Si alguien hubiera llevado una relación de las
ofrendas que se hicieron aquel día en el Templo, quizá habría pensado que no
valía la pena tomar nota de la limosna de esta mujer. ¡Y resultó ser, entre
todas, la más importante! Tan grata fue a Dios que Jesús convocó a sus
discípulos dispersos por los alrededores para que aprendieran la lección de
aquella viuda. Aquellas piezas de cobre apenas hicieron ruido, pero Jesús
percibió claramente el amor sin palabras de esta mujer que daba a Dios todos
sus ahorros. Os aseguro que esa pobre viuda ha echado en el cepillo más
que nadie. Porque los demás han echado de lo que les sobra, pero esta, que pasa
necesidad, ha echado todo lo que tenía2.
¡Qué diferente es con frecuencia lo importante para
Dios y lo importante para nosotros los hombres! ¡Qué diferentes medidas! A
nosotros nos suele impresionar lo llamativo, lo grande, lo sorprendente. A Dios
le conmueven –el Evangelio nos ha dejado abundantes testimonios– pequeños
detalles llenos de amor, que están al alcance de todos; también los sucesos que
nosotros consideramos de gran importancia, pero cuando están realizados con el
mismo espíritu de rectitud, de humildad y de amor. Los Apóstoles, que serían
más tarde el fundamento de la Iglesia, no olvidaron la lección de esta jornada.

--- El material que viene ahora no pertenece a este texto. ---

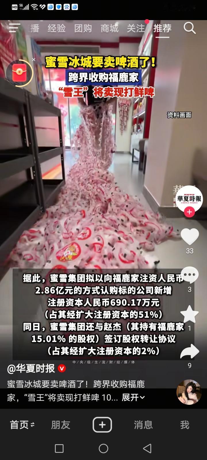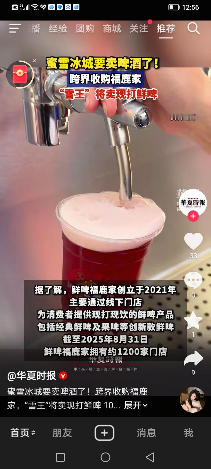蜜雪冰城要卖啤酒了。 2025年10月1日,蜜雪集团发布公告称,9月30日联交所交易时段后,其已与福鹿家(郑州)企业管理有限公司签订投资协议,将以约2.97亿元人民币的价格获得鲜啤福鹿家53%的股权。完成投资后,蜜雪集团的产品品类将从现制果饮、茶饮、冰淇淋和咖啡延伸至现打鲜啤。 鲜啤福鹿家创立于2021年,主要为消费者提供每500mL单价约6至10元的现打鲜啤产品,截至2025年8月31日,已在中国28个省、自治区和直辖市拥有约1200家门店。蜜雪冰城 河南蜜雪冰城 蜜雪饮品 蜜雪冰城店 蜜雪冰城广告牌 蜜雪总部在郑州
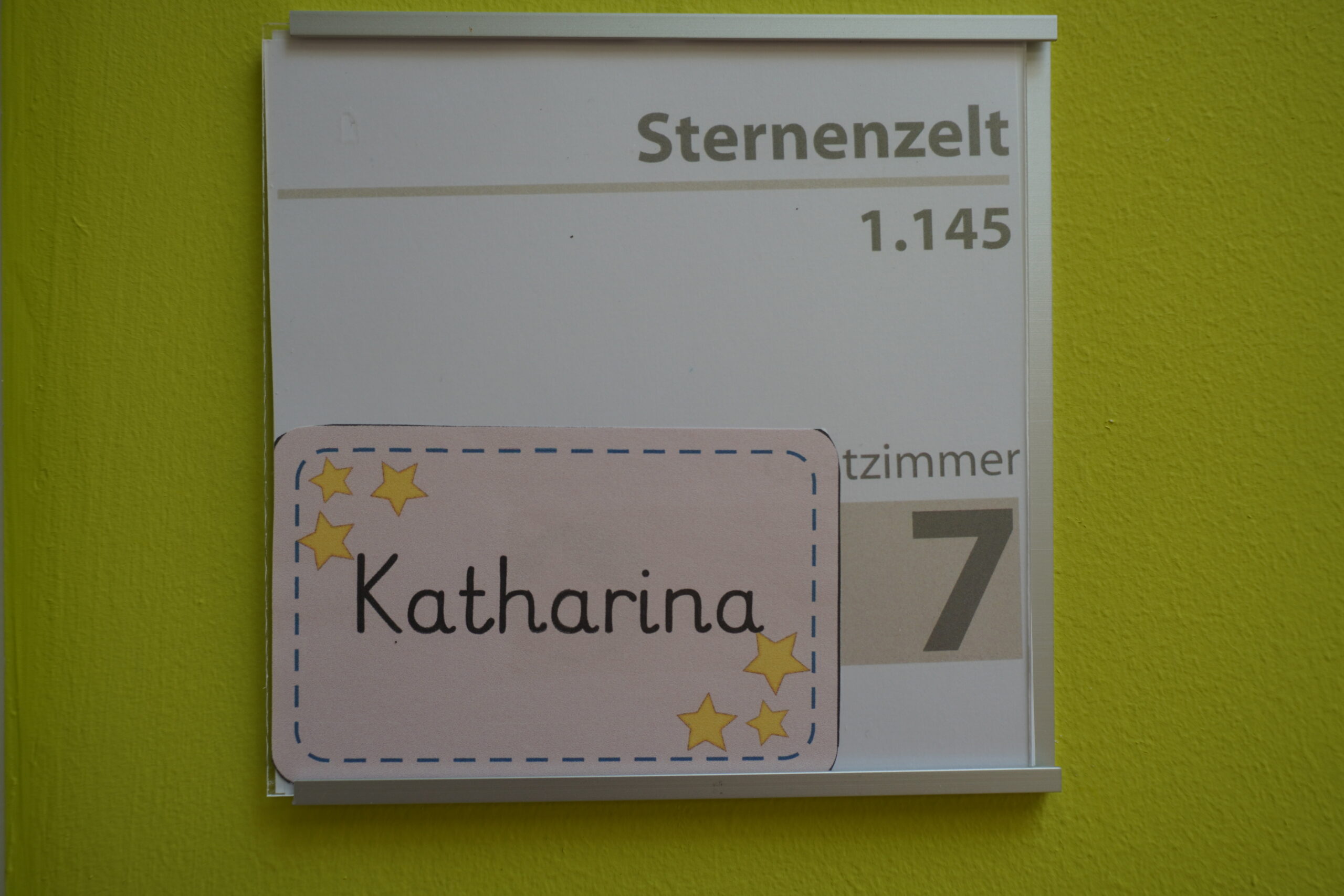 Das Haus hat Hanglage, der Eingang befindet sich also im 1. OG. Auf dieser Ebene befinden sich auch die Kinderzimmer, die mit verschiedenen Pflegebetten ausgestattet sind. Jedes Gastzimmer hat auch ein eigenes Bad. Neben der Zimmernummer wird liebevoll gestaltet der Name des Gastes gezeigt.

Aquella mujer nos ha enseñado a todos cómo conmover el corazón de Dios cada día
con lo único que corrientemente tenemos a nuestro alcance: cosas pequeñas. «¿No
has visto en qué “pequeñeces” está el amor humano? Pues también en “pequeñeces”
está el Amor divino»3.
Aprendemos también en este pasaje del Evangelio el
verdadero valor de las cosas. Cualquier acontecimiento –aunque parezca sin
importancia– podemos convertirlo en algo gratísimo a Dios. Y, por ser grato a
Él, valioso. Solo tiene valor real, verdadero y eterno lo que hacemos agradable
a Dios.
Hoy, en nuestra oración, podemos considerar la gran
cantidad de oportunidades que nos salen al paso: «Raras veces se ofrecen
grandes ocasiones de servir a Dios, pero pequeñas continuamente. Pues ten
entendido que el que sea fiel en lo poco será constituido en lo mucho. Haz,
pues, todas tus cosas en honor de Dios, y todas las harás bien: ora comas, ora
bebas, oras duermas, ora te diviertas, ora des vueltas al asador, si sabes
aprovechar estas haciendas, adelantarás mucho a los ojos de Dios realizando
todo esto porque así quiere Dios que lo hagas»4.
II. Son las cosas
pequeñas las que hacen perfecta una obra y, por tanto, digna de ser ofrecida al
Señor. No basta que aquello que se realiza sea bueno (trabajo, rezar...), sino
que además debe ser una obra bien terminada. Para que haya virtud –enseña Santo
Tomás de Aquino– es necesario atender a dos cosas: a lo que se hace y al modo
de hacerlo5. Y en cuanto al modo de hacerlo, la cincelada, la pincelada,
el retoque final convierte aquel trabajo en una obra maestra. Por el contrario,
la chapuza, lo desmañado y defectuoso es señal de languidez espiritual y de
tibieza en el cristiano, que se ha de santificar con su trabajo de cada
día: conozco tus obras y que tienes nombre de viviente y estás muerto
(...). Porque yo no hallo tus obras cabales en presencia de mi Dios6.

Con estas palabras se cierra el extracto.